*** Opening Provided records ***

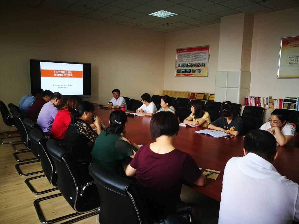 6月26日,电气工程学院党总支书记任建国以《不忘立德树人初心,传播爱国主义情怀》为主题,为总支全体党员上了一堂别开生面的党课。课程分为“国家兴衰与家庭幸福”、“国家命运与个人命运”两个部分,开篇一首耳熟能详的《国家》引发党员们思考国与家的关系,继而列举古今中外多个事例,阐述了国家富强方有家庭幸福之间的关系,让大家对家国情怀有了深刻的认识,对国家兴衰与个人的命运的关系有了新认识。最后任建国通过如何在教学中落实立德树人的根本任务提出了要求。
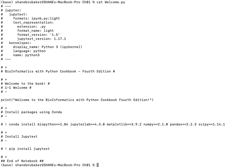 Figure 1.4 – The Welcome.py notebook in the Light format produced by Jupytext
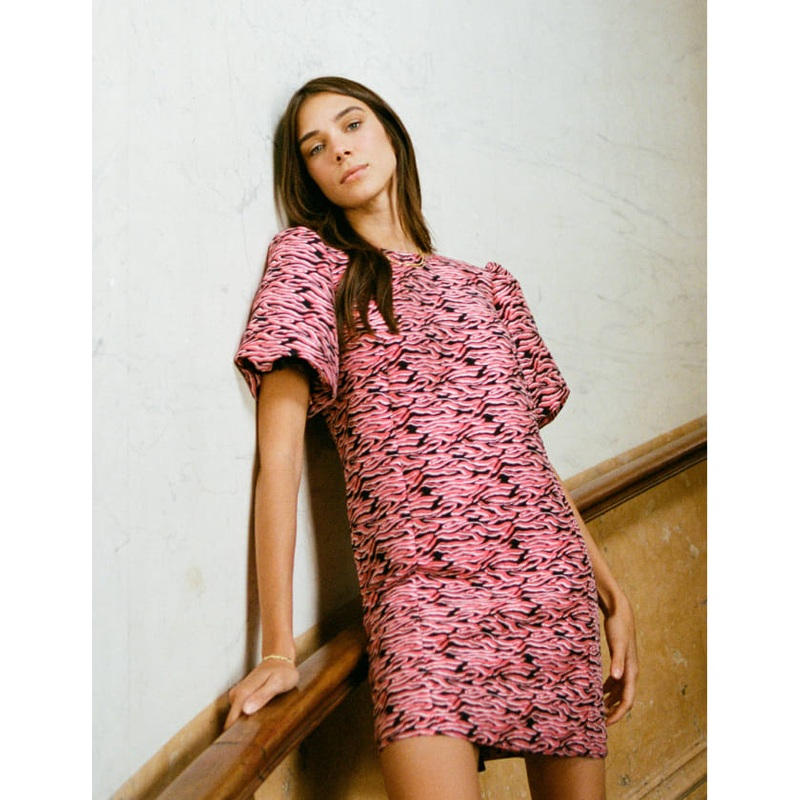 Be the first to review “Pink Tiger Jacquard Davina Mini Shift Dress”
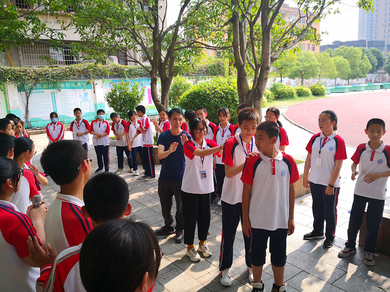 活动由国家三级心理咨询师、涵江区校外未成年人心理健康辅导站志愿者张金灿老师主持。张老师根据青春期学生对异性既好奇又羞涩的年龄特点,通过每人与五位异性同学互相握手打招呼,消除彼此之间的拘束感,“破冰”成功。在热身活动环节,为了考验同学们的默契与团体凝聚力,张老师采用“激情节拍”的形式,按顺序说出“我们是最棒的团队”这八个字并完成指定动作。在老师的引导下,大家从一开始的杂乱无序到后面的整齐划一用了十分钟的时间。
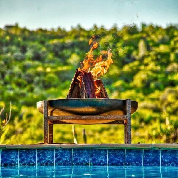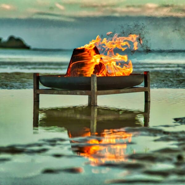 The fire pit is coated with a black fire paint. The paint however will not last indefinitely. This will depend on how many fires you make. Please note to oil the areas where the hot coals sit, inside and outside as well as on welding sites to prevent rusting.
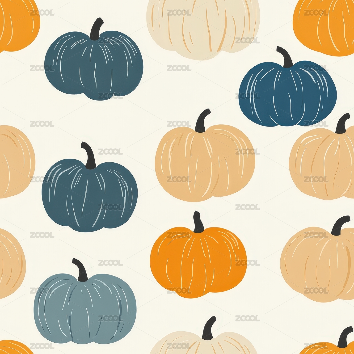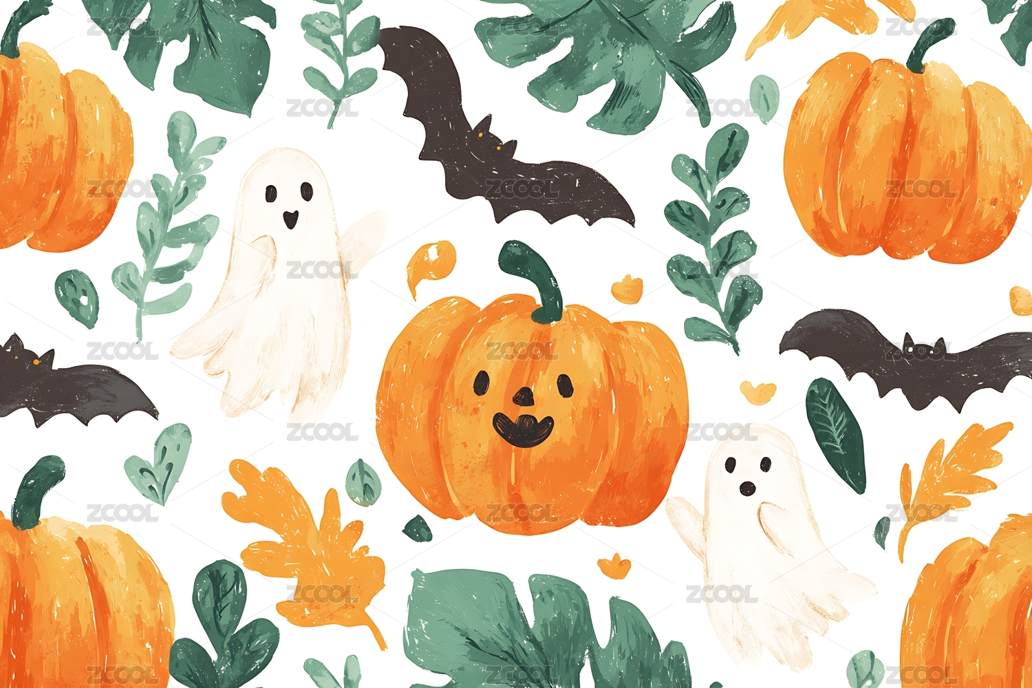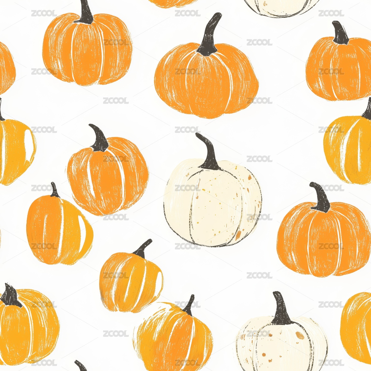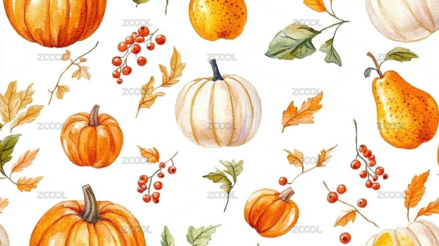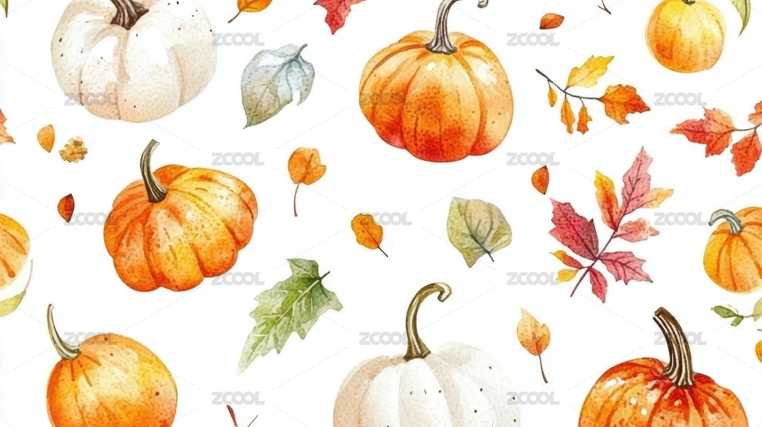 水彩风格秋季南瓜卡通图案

*** Closing Provided records ***
*** Opening Provided records ***

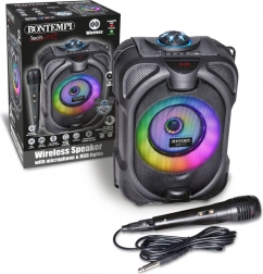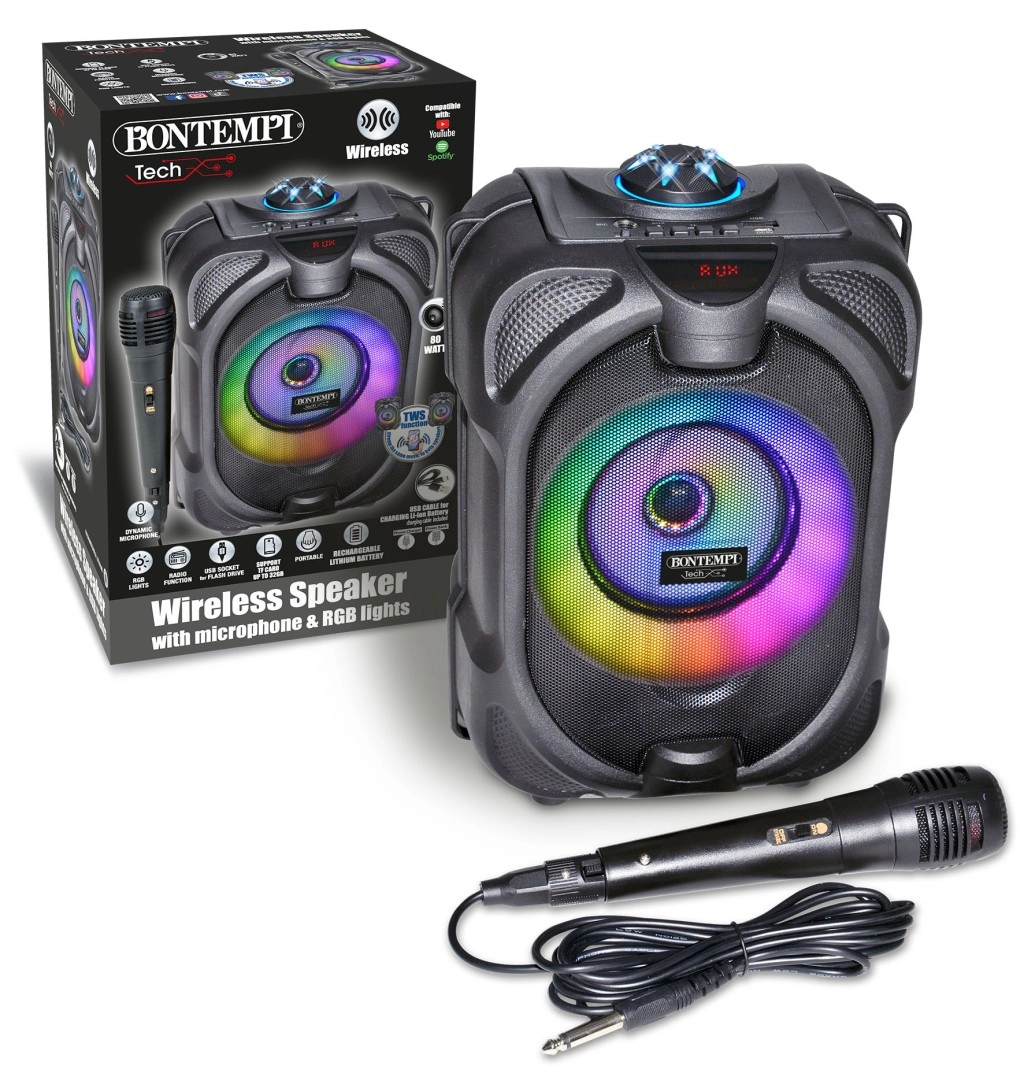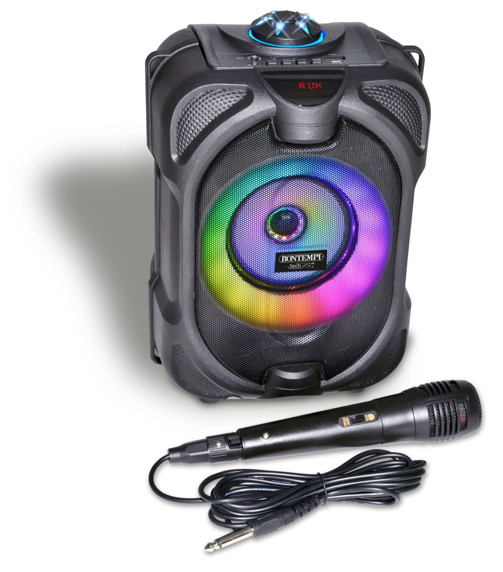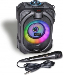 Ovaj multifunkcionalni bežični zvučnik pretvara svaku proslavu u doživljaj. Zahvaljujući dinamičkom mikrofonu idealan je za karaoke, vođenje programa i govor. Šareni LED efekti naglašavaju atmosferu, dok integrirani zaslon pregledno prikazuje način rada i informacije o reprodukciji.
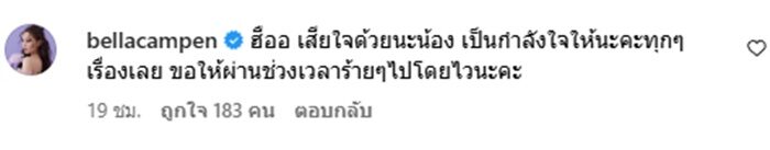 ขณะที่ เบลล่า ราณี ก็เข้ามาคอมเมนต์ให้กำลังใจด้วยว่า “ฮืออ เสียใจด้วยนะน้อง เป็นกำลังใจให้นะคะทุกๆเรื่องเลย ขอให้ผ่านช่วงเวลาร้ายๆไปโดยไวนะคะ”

*** Closing Provided records ***
*** Opening Provided records ***

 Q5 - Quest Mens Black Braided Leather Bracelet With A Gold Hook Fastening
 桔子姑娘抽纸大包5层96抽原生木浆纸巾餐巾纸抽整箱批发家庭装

*** Closing Provided records ***

[Your goal] With the pictures omitted, copy the entries above exactly from the line containing "活动由国家三级心理咨询师、涵" through the line containing "水彩风格秋季南瓜卡通图案", both lines included.

[Answer area]
 活动由国家三级心理咨询师、涵江区校外未成年人心理健康辅导站志愿者张金灿老师主持。张老师根据青春期学生对异性既好奇又羞涩的年龄特点,通过每人与五位异性同学互相握手打招呼,消除彼此之间的拘束感,“破冰”成功。在热身活动环节,为了考验同学们的默契与团体凝聚力,张老师采用“激情节拍”的形式,按顺序说出“我们是最棒的团队”这八个字并完成指定动作。在老师的引导下,大家从一开始的杂乱无序到后面的整齐划一用了十分钟的时间。
 The fire pit is coated with a black fire paint. The paint however will not last indefinitely. This will depend on how many fires you make. Please note to oil the areas where the hot coals sit, inside and outside as well as on welding sites to prevent rusting.
 水彩风格秋季南瓜卡通图案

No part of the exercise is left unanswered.